→ **Problem statement**
Copy out all lines from the entries below in which "days" occurs.

→ **Provided entries**
[Start of Attachment]

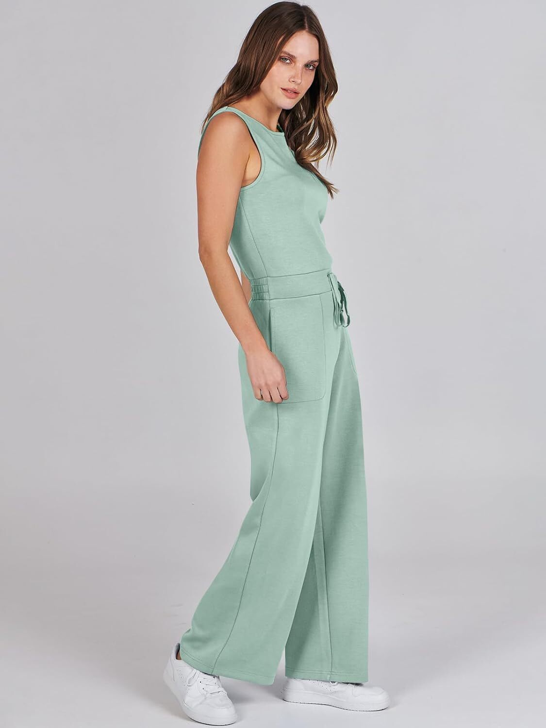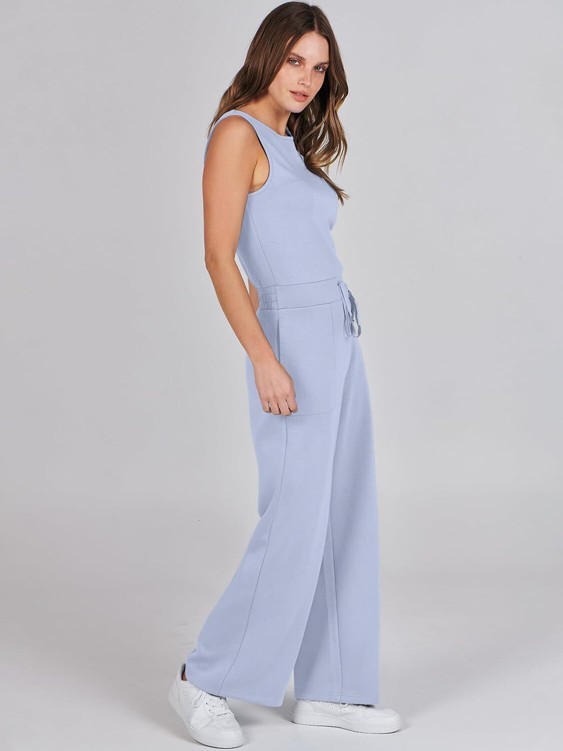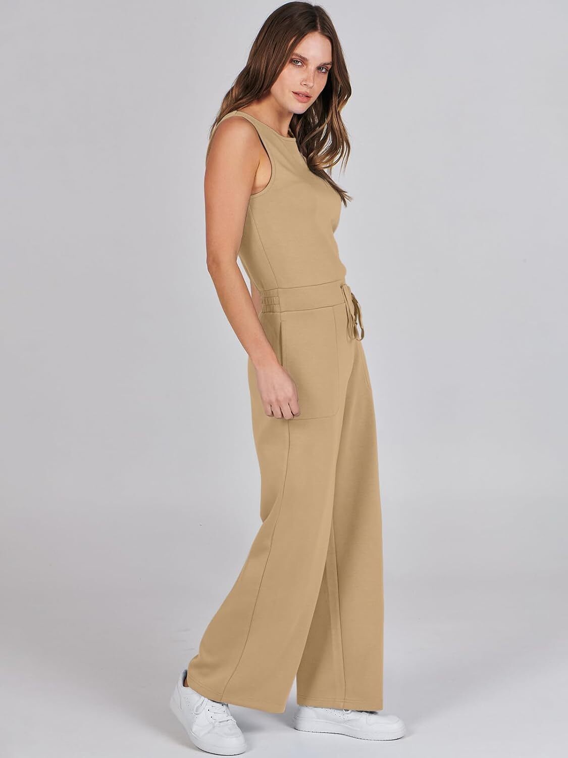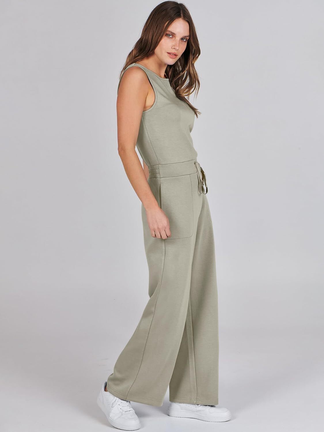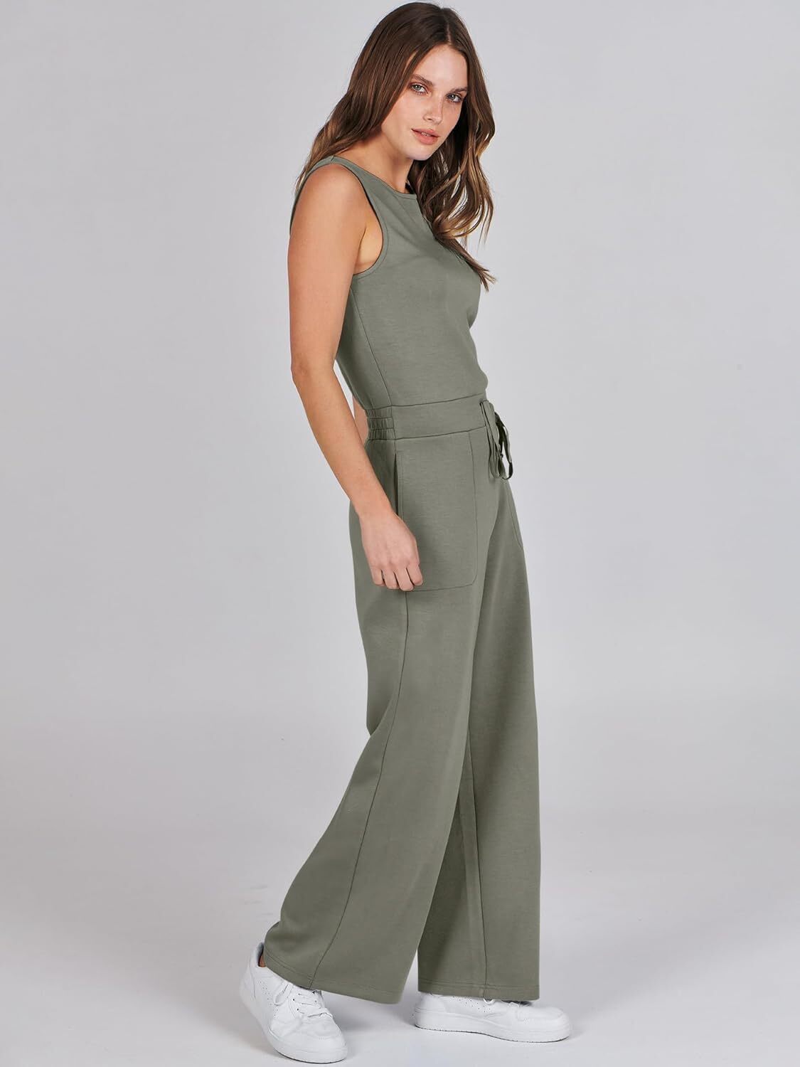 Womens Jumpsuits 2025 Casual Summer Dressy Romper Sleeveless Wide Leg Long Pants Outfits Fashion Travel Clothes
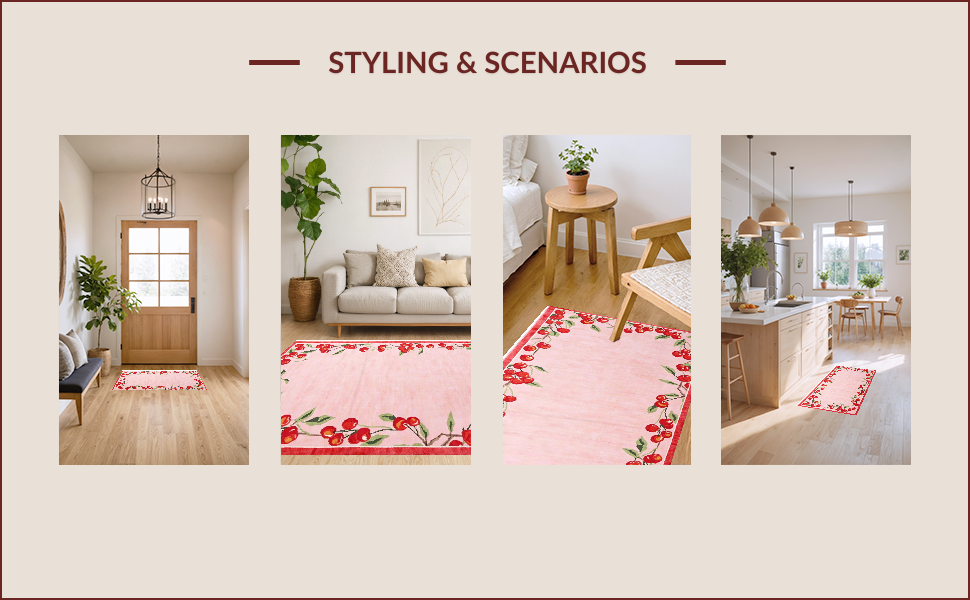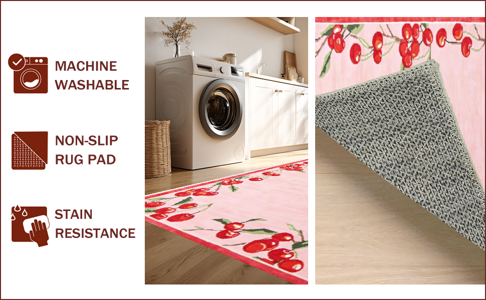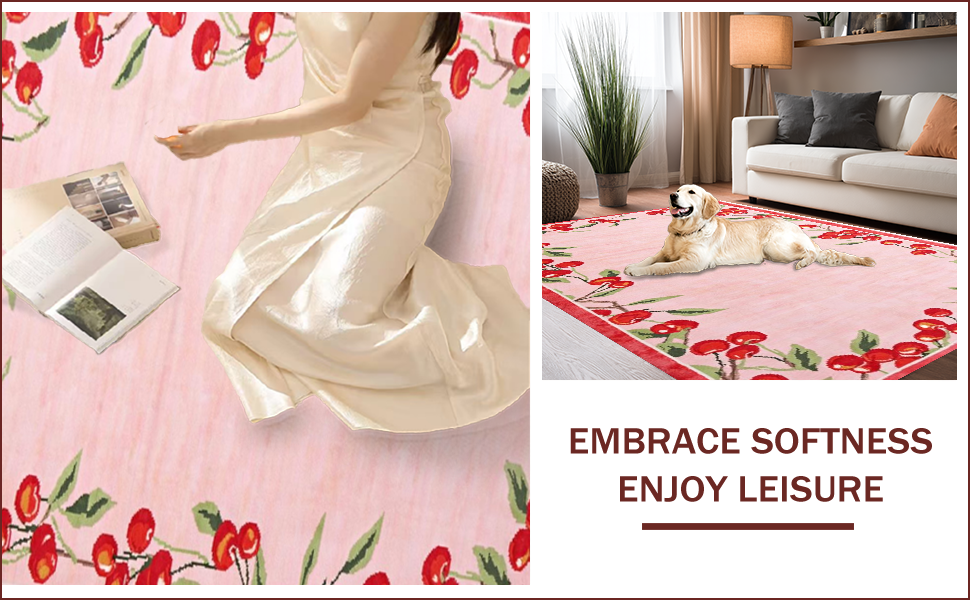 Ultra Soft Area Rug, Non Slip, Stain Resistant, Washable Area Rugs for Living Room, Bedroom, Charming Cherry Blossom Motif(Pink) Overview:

[End of Attachment]
[Start of Attachment]

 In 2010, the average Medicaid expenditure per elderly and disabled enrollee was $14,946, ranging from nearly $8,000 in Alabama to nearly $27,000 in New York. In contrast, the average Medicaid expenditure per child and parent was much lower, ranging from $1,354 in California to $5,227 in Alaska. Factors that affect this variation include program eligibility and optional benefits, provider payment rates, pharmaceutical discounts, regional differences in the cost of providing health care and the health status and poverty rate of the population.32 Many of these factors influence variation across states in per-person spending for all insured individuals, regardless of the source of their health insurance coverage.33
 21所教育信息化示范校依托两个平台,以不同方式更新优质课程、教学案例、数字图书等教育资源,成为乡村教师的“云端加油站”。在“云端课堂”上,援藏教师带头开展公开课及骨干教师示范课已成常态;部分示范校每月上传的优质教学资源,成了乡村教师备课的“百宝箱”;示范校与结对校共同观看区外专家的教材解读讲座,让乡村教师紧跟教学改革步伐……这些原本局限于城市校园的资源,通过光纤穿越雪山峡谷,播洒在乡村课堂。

[End of Attachment]
[Start of Attachment]

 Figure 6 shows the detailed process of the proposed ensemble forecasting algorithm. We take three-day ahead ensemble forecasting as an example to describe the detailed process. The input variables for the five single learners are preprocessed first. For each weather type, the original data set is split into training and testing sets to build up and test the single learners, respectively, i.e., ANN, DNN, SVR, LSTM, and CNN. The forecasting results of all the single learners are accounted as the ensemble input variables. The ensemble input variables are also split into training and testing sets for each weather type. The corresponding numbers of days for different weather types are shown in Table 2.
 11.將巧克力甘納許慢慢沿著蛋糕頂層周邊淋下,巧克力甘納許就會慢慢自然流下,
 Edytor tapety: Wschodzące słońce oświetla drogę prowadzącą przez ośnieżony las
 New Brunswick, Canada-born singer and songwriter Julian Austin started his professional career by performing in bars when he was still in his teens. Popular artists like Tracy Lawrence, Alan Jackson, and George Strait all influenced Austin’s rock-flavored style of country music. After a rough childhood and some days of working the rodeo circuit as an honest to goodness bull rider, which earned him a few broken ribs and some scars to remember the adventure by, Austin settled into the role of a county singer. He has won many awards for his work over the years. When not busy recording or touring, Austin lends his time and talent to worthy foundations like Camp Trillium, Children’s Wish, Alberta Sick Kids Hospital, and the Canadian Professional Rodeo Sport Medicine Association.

[End of Attachment]

→ **Problem solution**
 Figure 6 shows the detailed process of the proposed ensemble forecasting algorithm. We take three-day ahead ensemble forecasting as an example to describe the detailed process. The input variables for the five single learners are preprocessed first. For each weather type, the original data set is split into training and testing sets to build up and test the single learners, respectively, i.e., ANN, DNN, SVR, LSTM, and CNN. The forecasting results of all the single learners are accounted as the ensemble input variables. The ensemble input variables are also split into training and testing sets for each weather type. The corresponding numbers of days for different weather types are shown in Table 2.
 New Brunswick, Canada-born singer and songwriter Julian Austin started his professional career by performing in bars when he was still in his teens. Popular artists like Tracy Lawrence, Alan Jackson, and George Strait all influenced Austin’s rock-flavored style of country music. After a rough childhood and some days of working the rodeo circuit as an honest to goodness bull rider, which earned him a few broken ribs and some scars to remember the adventure by, Austin settled into the role of a county singer. He has won many awards for his work over the years. When not busy recording or touring, Austin lends his time and talent to worthy foundations like Camp Trillium, Children’s Wish, Alberta Sick Kids Hospital, and the Canadian Professional Rodeo Sport Medicine Association.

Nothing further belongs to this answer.